昭和38年12月9日。
オワダ家に一人の女児が誕生した。
出産直後にそれを聞かされた時、ヒサシはひどく頭が重くなったような気がした。
「なぜ男児じゃなくて女児だったんだ」
オワダの後を継ぐのは男子でなければ・・・・自分が思った以上に男児が欲しくて
たまらなかったことを痛感させられた。
ここまで順調に来ていたのに。跡継ぎたる男子に恵まれないなんて。
「次は男の子を頼むよ」
ヒサシはそういうのが精一杯だった。ユミコは黙っている。
姑であるヒサシの母はわざわざ上京して赤ん坊を抱いてくれたが
「最初は男の子がよかったね」と言い放った。
「嫁は跡継ぎを産まない限り、嫁とは認められないもんなんだよ。
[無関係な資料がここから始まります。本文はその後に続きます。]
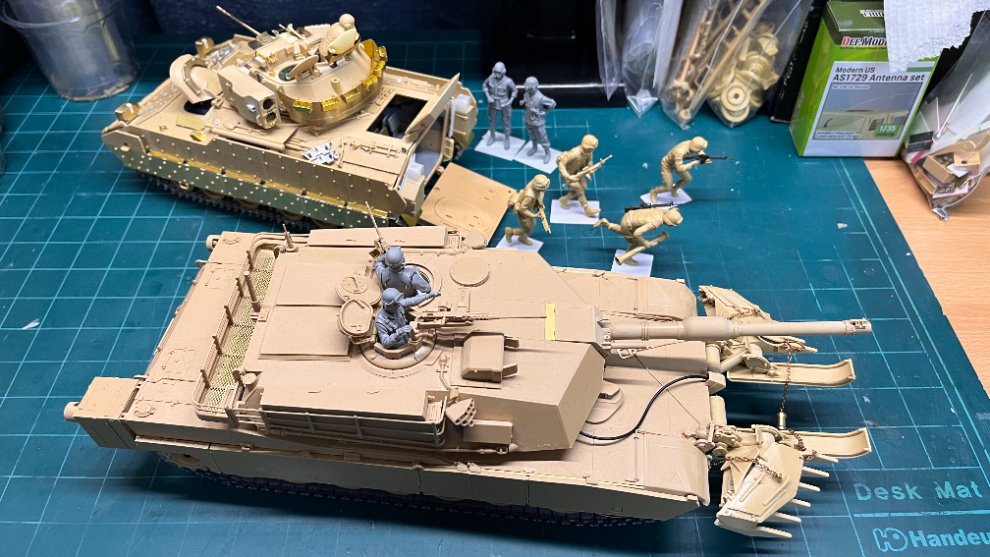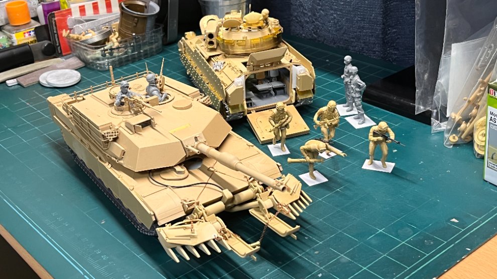 앞서 완성시킨 RFM의 M1A1 Abrams와 이렇게 저렇게 배치해보면서 디오라마에 알맞는 레이아웃을 찾고 있습니다.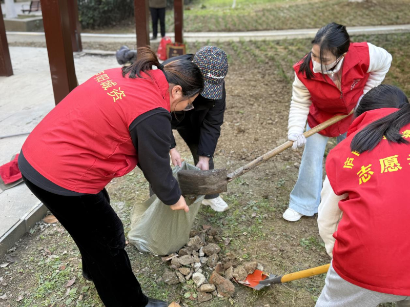 11月的最后一个周六,在荣城花园北苑的小广场上,志愿者徐睆睆跟同伴们正在清里绿化带里的碎石块。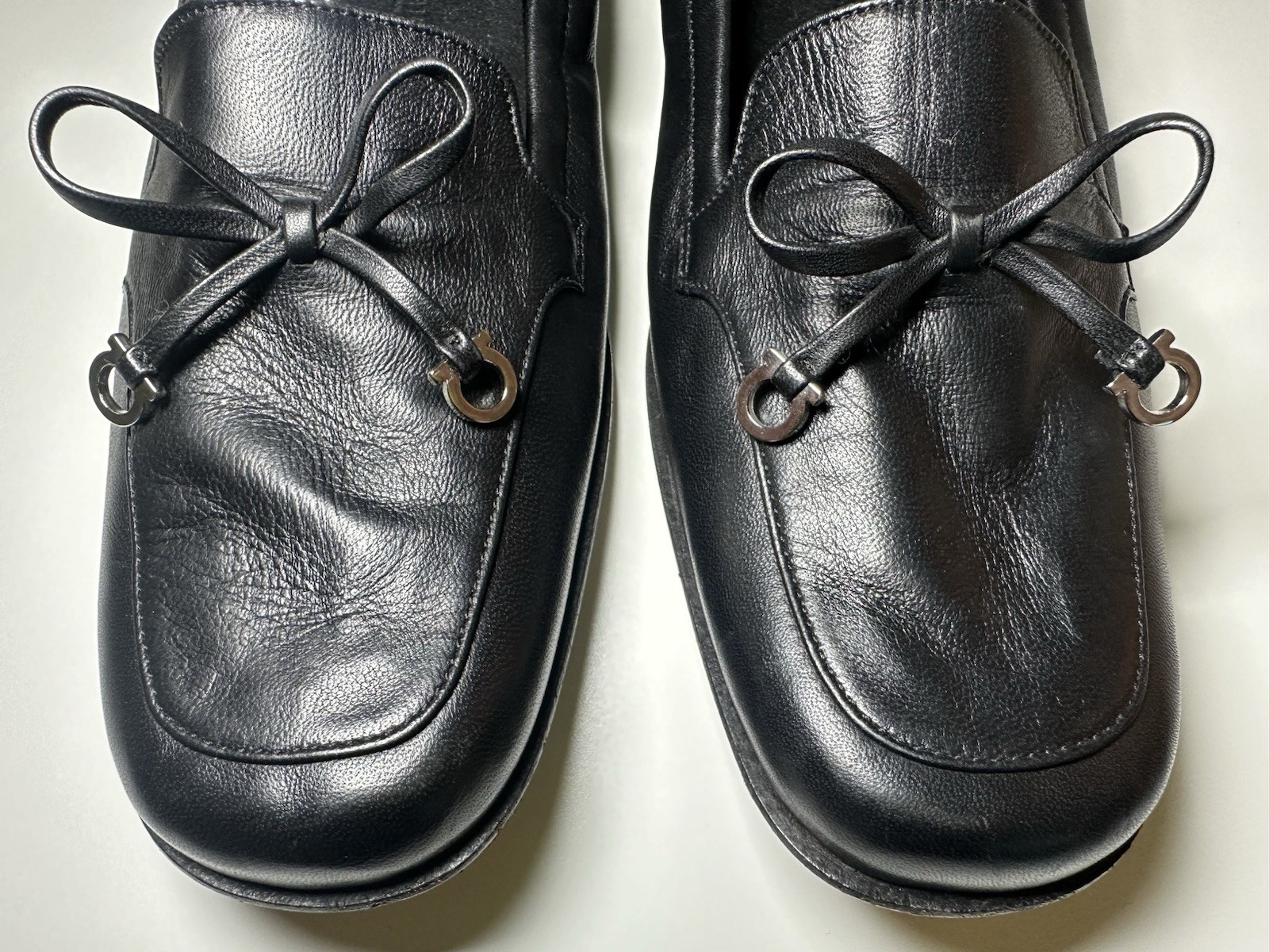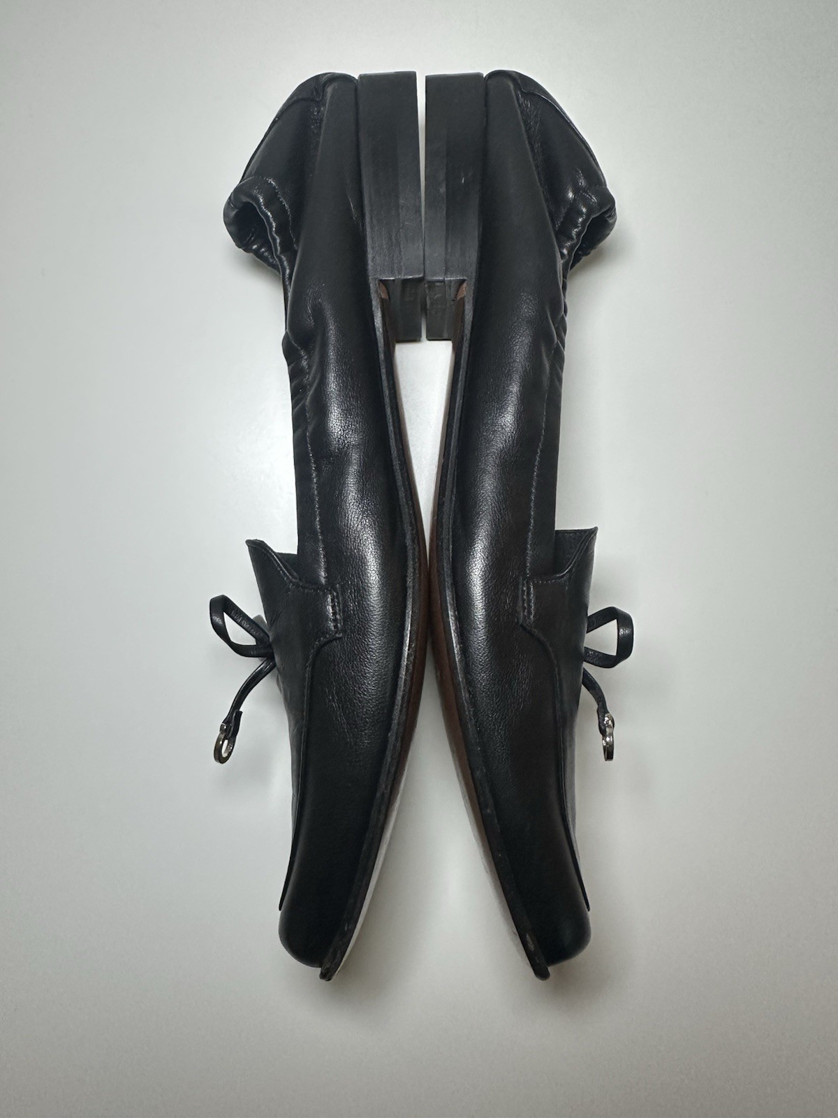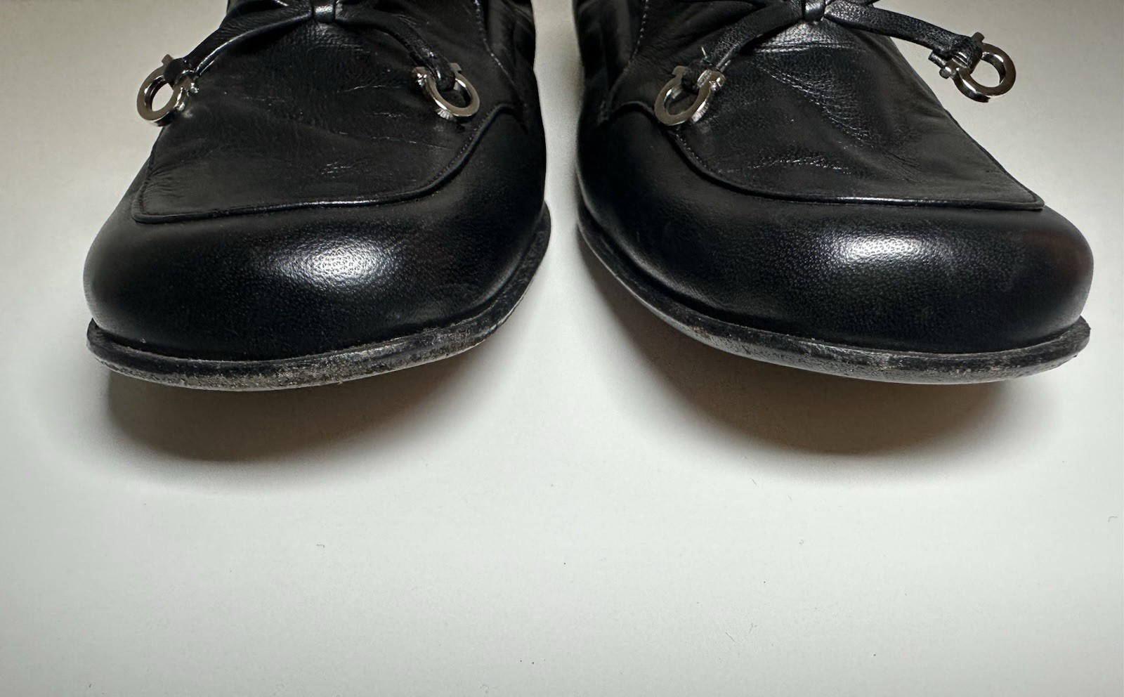 как выглядит SALVATORE FERRAGAMO RARE Black Leather Slip On Elastic Loafers Shoes Women 7 2A фото

ヒサシは兄弟の
中ではとりわけ賢くて出世頭さ。その能力を受け継いで右腕になるような男の子を
産まないとダメじゃないの。あんたはヒサシの出世の邪魔をする気かい?」
そういわれてもユミコはどうしようもなかった。
そもそもエガシラ家の一人娘として大事に育てられてきた彼女は、「オワダの嫁」
と言われてもぴんとこない。
住んでいるのは実家だし、彼は私の両親と同居している。
彼の生活の一切合財を面倒見ているのは私の両親だ。
いくら姑とはいえ、こんな事を言われる筋合いはない。
「性別は天の配剤ですから」
「じゃあ、天が見放しているって事かい?精進がたりないんだね。今後は男の子が
授かるように努力しなさい。いい漢方薬をあげるから」
出産したばかりで疲れきっているユミコの耳元であからさまに赤ん坊への侮辱とも
とられる台詞に思わず涙が出る。
病院のベッドの上で涙にくれ、ショックからか熱まで出した娘にエガシラ夫妻は
おろおろし、事の経緯を聞いて怒り心頭になった。
「ヒサシ君。日本では一姫二太郎という言葉があるのがわからんのか。うちの娘を
こんな風に傷つけてそれですむとでも?」
「申し訳ありません。母に悪気はなかったんです。励ますつもりだったんです」
(全く・・一人娘という奴は)
ヒサシは心の中で舌打ちをする。いちいち自分の親に告げ口をする女なんて。
しかしとりあえずご機嫌取りをしなくてはならない。
ヒサシは生まれたばかりの娘に「マサコ」と名づけた。
「みやび」と書いてマサコ。それはユミコの字に「やさしい」という字が使われているので
二つあわせれば「優雅」になる。精一杯の愛情表現だった。
「次があるさ・・次が・・・・」
ヒサシはそう思って納得するしかなかった。